Stop rolling up to the school potluck with a store-bought tub of ordinary hummus and some crunchy carbs for dipping. Hummus is simple to make from scratch. And it does not need to be boring. You can add spices, change up the acid and even hide some vegetables in it. Here's a straightforward formula followed by various modern spins, including a colorful roasted beet hummus you can spread on your kids' sandwiches. My sweet potato black bean variation below is exactly what your Superbowl party ordered. Bonus: these spreads make great baby food too, especially to pack a smooth high protein punch for a little peanut like mine who needs to pack on some pounds.
Basic Hummus Formula
Makes about 1½ cups
What you need:
1-2 cloves of garlic
1 1/2 - 2 cups cooked legumes (chickpeas, black beans, white beans, lentils, etc.)
1-3 Tablespoons tahini
1/4 cup oil (olive, canola, avocado, etc.)

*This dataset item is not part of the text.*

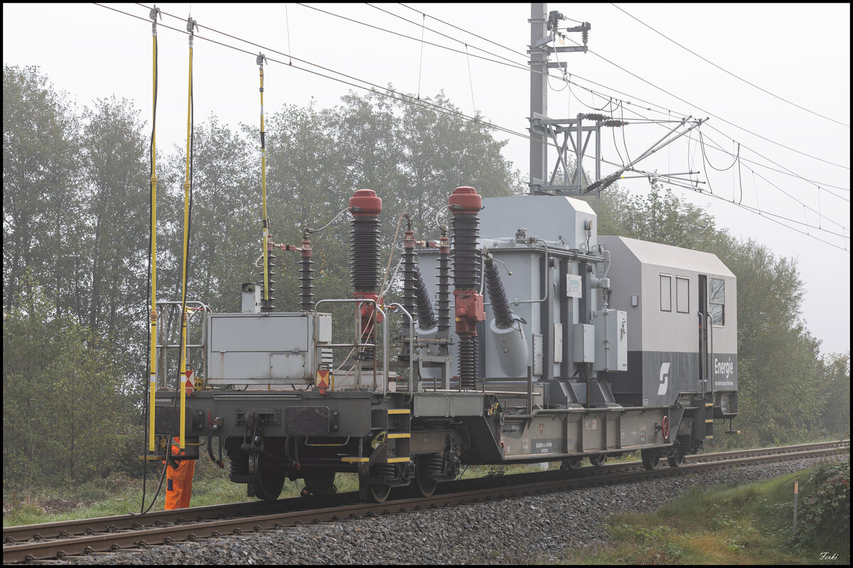 Die Elektrifizierung zwischen Deutschlandsberg und Wies Eibiswald auf der Steirischen Westbahn ist quasi abgeschlossen . Nun geht es daran die Elektrische Anlage zu prüfen . Das geschah am vergangenen Wochenende . Dazu kam dieser MTW mit einem Prüftrafo zum Einsatz

1-2 Tablespoons acid (lemon juice, lime juice, apple cider vinegar, etc.)
salt & pepper to taste
1/2 - 1 cup cooked vegetables (optional)
1-3 teaspoons ground toasted spices (optional)
What you do:
Simply put all ingredients (except the acid, spices and salt) into a food processor and purée until smooth. Taste and add acid, spices, and salt gradually to get desired texture and taste. You can always add more salt, acid and liquid but it is difficult to take it away or add more of all of the other ingredients if you go overboard on, say, the lemon juice and cayenne. If your spread is too thick, add more acid (lemon juice, vinegar, etc.) or plain old H2O if you want to thin it without altering the taste too much.
Note on beans: When using canned beans, I drain them and rinse off the liquid first to get rid of any extra salt or any taste imparted by the canning process. You can also easily cook your own beans. More on that in a future post.
Try these variations:
Add a roasted beet and toasted ground cumin, cinnamon and cloves. You could also follow my recipe for Roasted Beet Hummus.
Substitute a sweet potato for the beet and roast without foil. Use cumin, cayenne, dried ground chipotle and/or smoked paprika for the spices. Substitute black beans or stick with the chickpeas.
Instead of beet or sweet potato, use ½ cup of any cooked vegetable (skins removed, roasted, grilled, or steamed), such as broccoli, red bell peppers, carrots, or squash.
Add ½ cup of prepared pesto and decrease the olive oil to 2 tablespoons.
Use lime juice, apple cider vinegar, sherry vinegar or white wine vinegar in place of the lemon juice.
Add an entire head of garlic roasted in olive oil. Decrease the olive oil to 2 tablespoons. Use chickpeas or substitute navy or cannellini beans.